It's often hard to isolate the cause of a single, or even a series, of random data failures without more information. The basic problem is that "stuff happens." Data storage and transfer is not nearly as perfect and repeatable as most people assume. Data in magnetic media—despite all of the clever tricks employed by modern drives to avoid it—gets lost from time to time. Data flying through USB, Firewire, SATA and over WiFi doesn't always arrive the way it was sent. And consumer-grade dynamic RAM is susceptible to the occasional bit-flip and corruption by cosmic rays. The "problem" with QRecall is that it is almost alone as a backup solution in that it attaches 64-bit checksum to every record of data it creates, and verifies the integrity of that data every time it reads it. When QRecall reports damaged data, it inevitably results in the initial impression that QRecall is failing or is somehow failing to protect your data, when in fact it's most likely the media/controller/interface/RAM/CPU/OS that's damaging the data. What is (or should be) frightening is that so many other so-called "reliable" backup solutions make no attempt whatsoever to protect against, detect, or report any data loss. Solutions like Time Machine simply copy files and hope for the best.
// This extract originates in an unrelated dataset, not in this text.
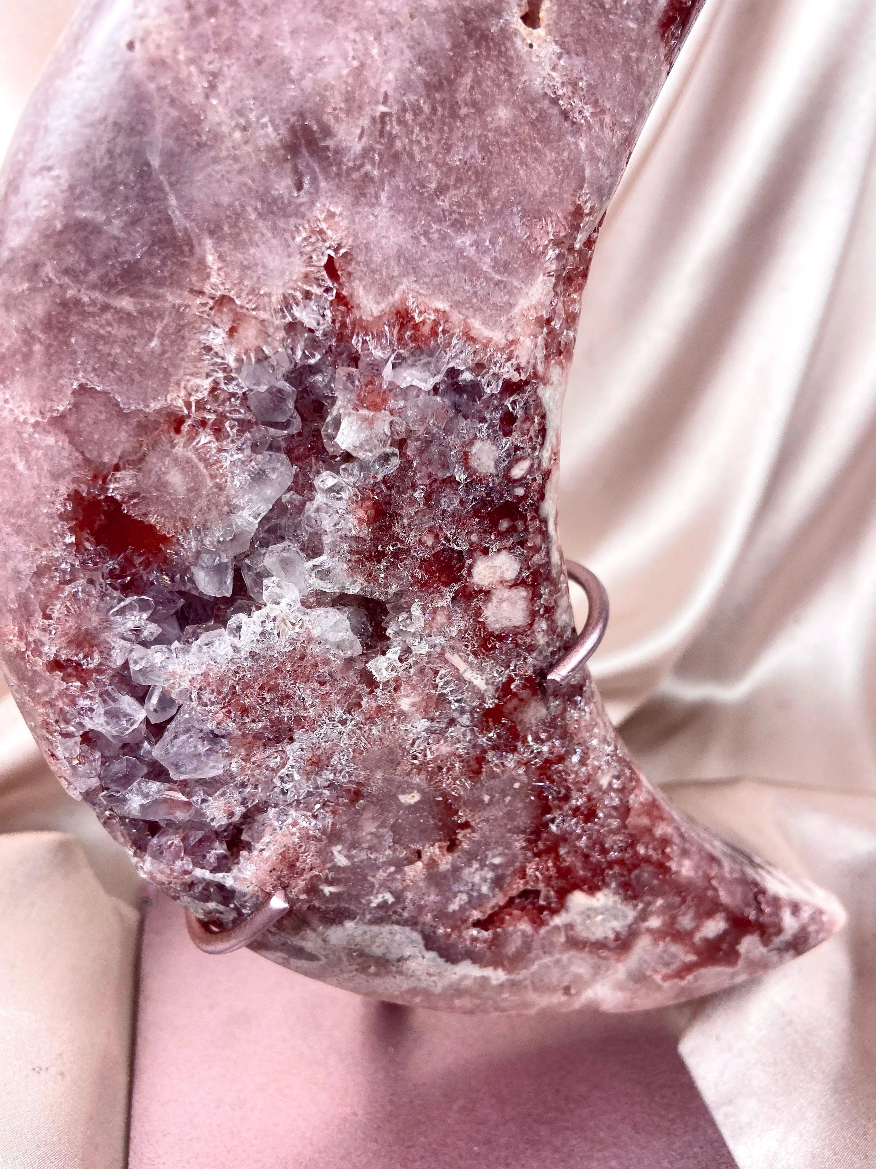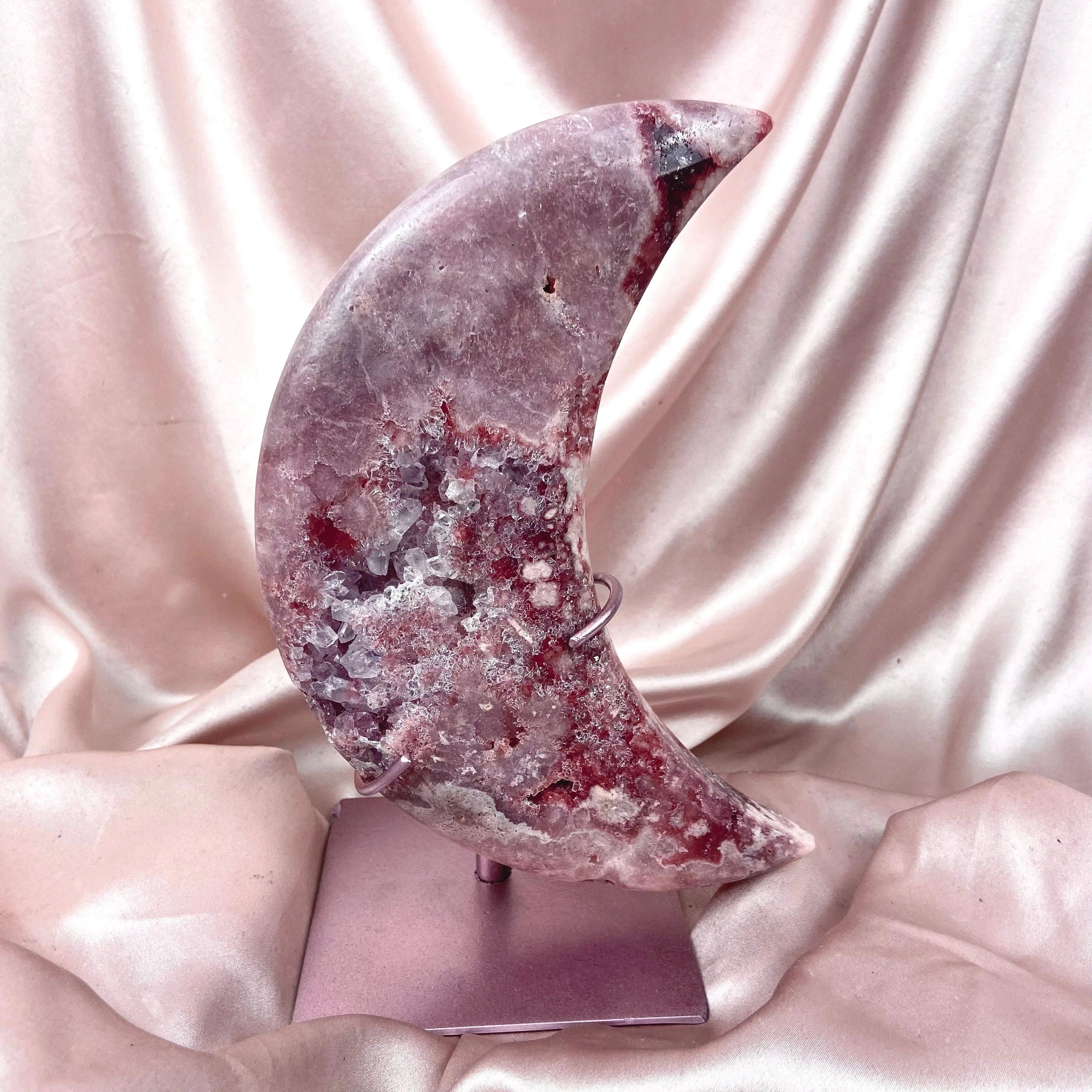 This listing is for (1) Ayla Pink Amethyst Moon with Stand: a captivating moon-shaped crystal known for its delicate pink hue. This piece serves as a beautiful decorative item and a potent tool for emotional and spiritual well-being.

They couldn't tell you if your files were successfully and accurately copied if you wanted them to.
I guess that is the issue that I see moving forward using QRecall for backups with my clients...it would appear that each and every incremental Capture basically puts the entire historic archive at risk of total loss...
Not true at all. QRecall is specifically designed to protect against partial loss of data in an archive. Damaging part of an archive in no way impacts the integrity, or recoverability, of the rest of the archive.
this is unlike many other imaging products that I have used in the past where incremental backups are always written to a new physical file...
QRecall doesn't write files, it writes data records. Each data record is small, self contained, and independently verifiable. When the data in an archive is damaged, the repair process reads and verifies every record. It then reassembles the valid records into a usable archive again. It doesn't matter if a million records were written to a single file or a million individual files. (Writing to a single file is more efficient and ultimately safer, which is why QRecall does it that way.) Either each individual record is valid or it isn't. QRecall does not relay on the file system's directory structure to organize its information.
and thereby do not jeopardize the integrity of the historic backups currently in existence.
The integrity of the archive's history is never in jeopardy. QRecall's layer records are specifically designed to resist corruption through partial data loss. It employs a method of "positive deltas" that re-record critical directory structure information in every layer. So the loss of data in an older layer won't impact the structure or integrity of subsequent layers.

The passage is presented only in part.